Despite this, China faces numerous challenges in developing its smart cities, and they are jarring issues at that, since most of the focus is loaded into the construction and not its operations. Director of the Information and Industrial Development Department of the National Information Center, and the Smart City Development Research Center Shan Zhiguang believes that the current smart cities in the country are far too focused on its construction, whilst leaving its management and operational works more to be desired. He pointed out that many buildings are erected without a clear purpose, and little thought is given to the people who should manage, operate, and add value to it. Most of such cities are driven purely by technology, and lack sustainability in their designs. This could lead to a wastage in resources, even rendering its construction useless, which is like an upscale residential area that has been built without any accompanying facilities, and it is only a matter of time before it becomes rundown.

What purpose do smart cities actually serve? Vice President of McKinsey Global Institute China Cheng Zhengmin thinks the era of Smart City 1.0 had a top-down, technology-for-science approach. Meanwhile Smart City 2.0 adopts a residents-centric approach. This includes time and living cost savings, and safety improvements, all which contributes to a healthy environment with employment opportunities and social platforms.

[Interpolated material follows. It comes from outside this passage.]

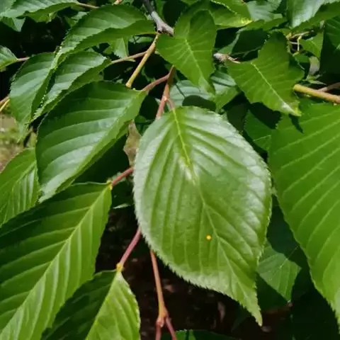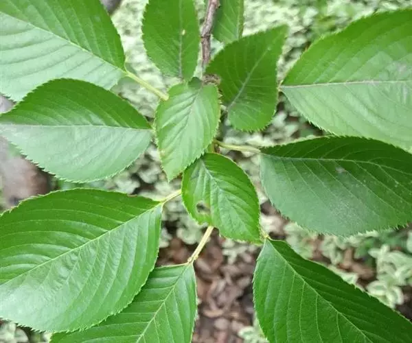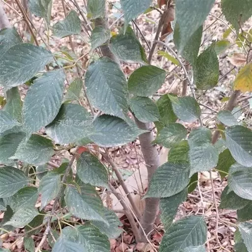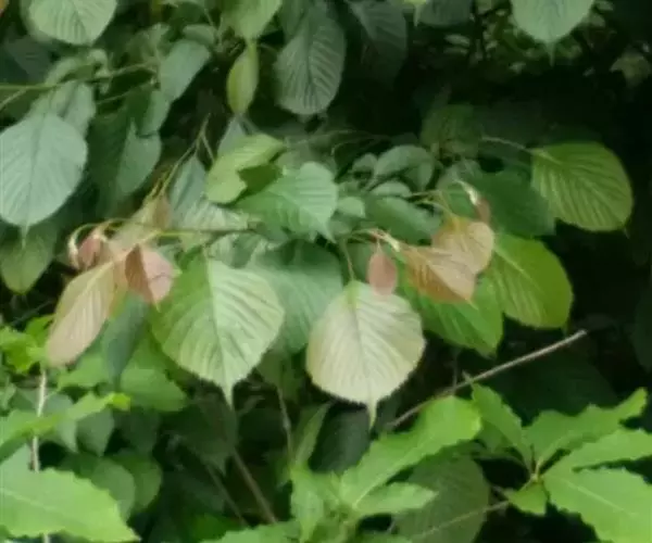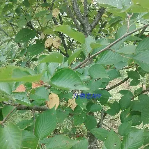 落叶灌木或小乔木,高2-15米;树皮紫黑色或棕灰色;小枝无毛,紫黑色或灰色;芽卵形,鳞片深褐色,光亮。叶纸质,卵形或近圆形,少数椭圆卵形或椭圆披针形,长5-14厘米,宽3-9厘米,先端渐尖,有1突生尾尖,长1-1.5厘米,基部楔形或宽楔形,边缘疏生顶端加厚的锯齿,下部或近基部全缘,上面无毛或散生柔毛后脱落,仅在脉上残存,下面无毛或脉上有伏毛,脉腋具丛毛,侧脉6-11对;叶柄长2-5厘米,有柔毛后脱落。

To achieve this, Zhengmin believes it is necessary for the Chinese government to open up the barriers in every corner of smart cities, and think about the needs of the residents. In the past, smart cities made the mistake of over-intelligentization in specific scenarios and downplayed systematic connectivity. Smart cities are a project of global optimization. This means economic prosperity, governance, people's livelihood, and the wellbeing of various industries are vital to the cities. The crucial component of a smart city is its people, and this does not just include the residents, but also the builders and operators of these smart cities. The future lies in successfully integration of business and technology, management and business.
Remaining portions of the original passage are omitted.